THE Keeneland April Two-Year-Olds in Training and Horses of Racing Age Sale returned to the calendar this week after a five-year hiatus and featured for the first time a selection of horses in training. Sales officials were pleased with the outcome and are hopeful of building on this year’s restart. Keeneland sold 67 horses for $6,083,500. The average was $90,799 and the median $40,000.

Keeneland held the April Sale from 1993 to 2014, and graduates include six classic winners: Belmont winner Palace Malice; Preakness winner and champion Lookin At Lucky; Kentucky Derby, Preakness winner and champion Big Brown; Kentucky Derby, Belmont winner and champion Thunder Gulch; and Kentucky Oaks winners Keeper Hill and Gal In A Ruckus. The 2014 auction produced champions Lady Eli and Roy H.

“We’re in a rebuilding process for this sale,” Keeneland director of sales operations Geoffrey Russell said. “Some people were willing to rebuild with us, and some people wanted to wait and see.

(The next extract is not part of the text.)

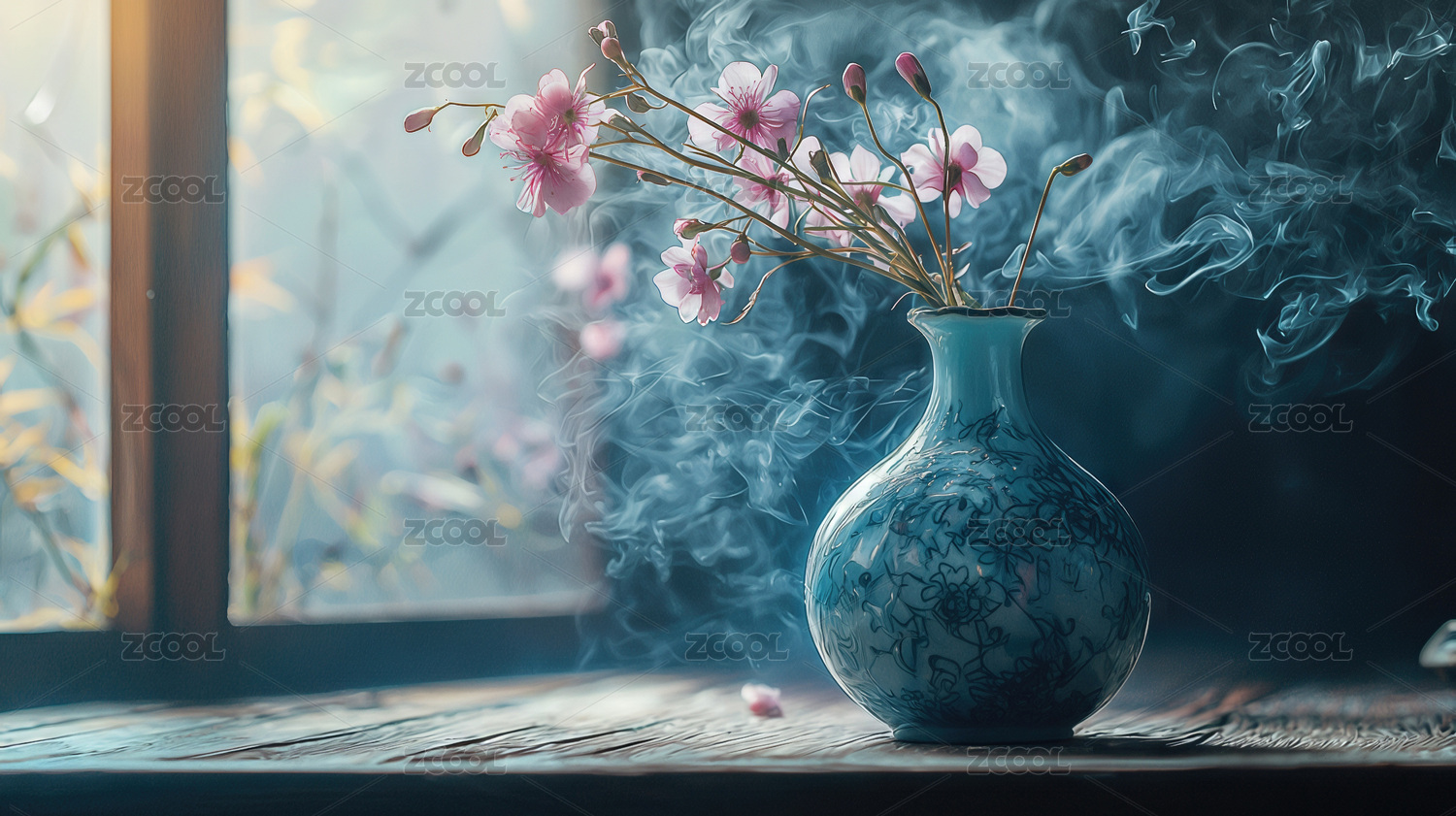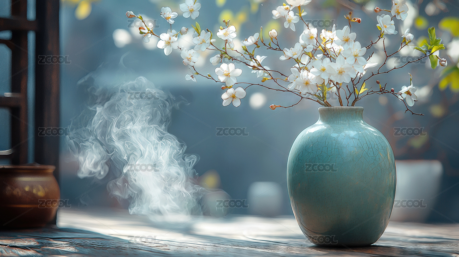 花瓶,插花,花卉,烟雾,禅意,冥想,放松宁静,室内安神,侘寂,意境

We hope they saw and will participate next year.”

“Trade was very good,” he continued. “The racehorses were well received. Strong trade continued into the two-year-old portion of the sale. The Tapit filly was on everybody’s list, with a good update from Bourbon War and a great work she turned in during the Preview Show. Her sale showed the money is here for those kind of horses.”

The two-year-old daughter of multiple champion sire Tapit and Grade 1 winner My Conquestadory, mentioned by Russell, sold to Chad Schumer for $1.3 million to top the sale. This full-sister to recent graded stakes-placed Bourbon War is just the second foal of her dam who won the Alcibiades Stakes at two and was placed in the following year’s Grade 1 Del Mar Oaks.

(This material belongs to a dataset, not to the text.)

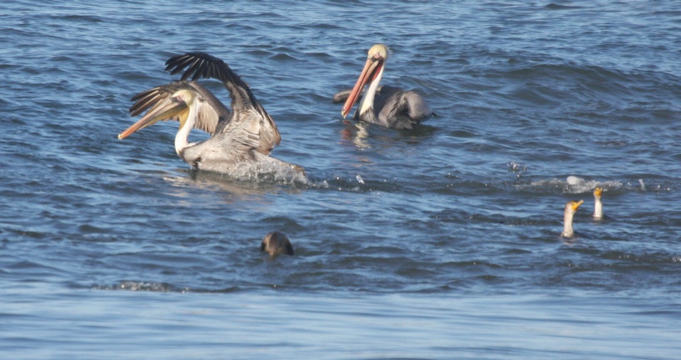 Brown pelican, Double-creasted Cormorant, Sands Beach - COPR

During Monday’s Preview Show, which featured juveniles working over the dirt track and turf course, the sale-topping filly breezed a furlong in the co-fastest time of 10 seconds.

“She is a tremendous physical, she had a superb breeze and her gallop out was really strong,” said Schumer, who bought the filly for Prince Sultan Bin Mishal Al Saud of Saudi Arabia. “She is by one of the leading sires of all time and she has a massive pedigree. A Tapit with that kind of pedigree, you have to expect to pay that kind of money. She was an obvious choice.

“Once you get above a certain number it is kind of numbing. I have never gone that high before, so it has not sunk in yet. Hopefully, she will be a Grade 1 horse.”

SALE-TOPPER

Hartley/De Renzo Thoroughbreds consigned the sale-topper. “We shipped in about 10 days ago,” Dean De Renzo said. “The weather is a little cooler than Florida, and they thrive when they come here. She is a May foal, and we have taken our time with her. We wanted to target a sale that is a little later in the year. We hope that Keeneland continues having this sale because we love the timing and we love to sell here.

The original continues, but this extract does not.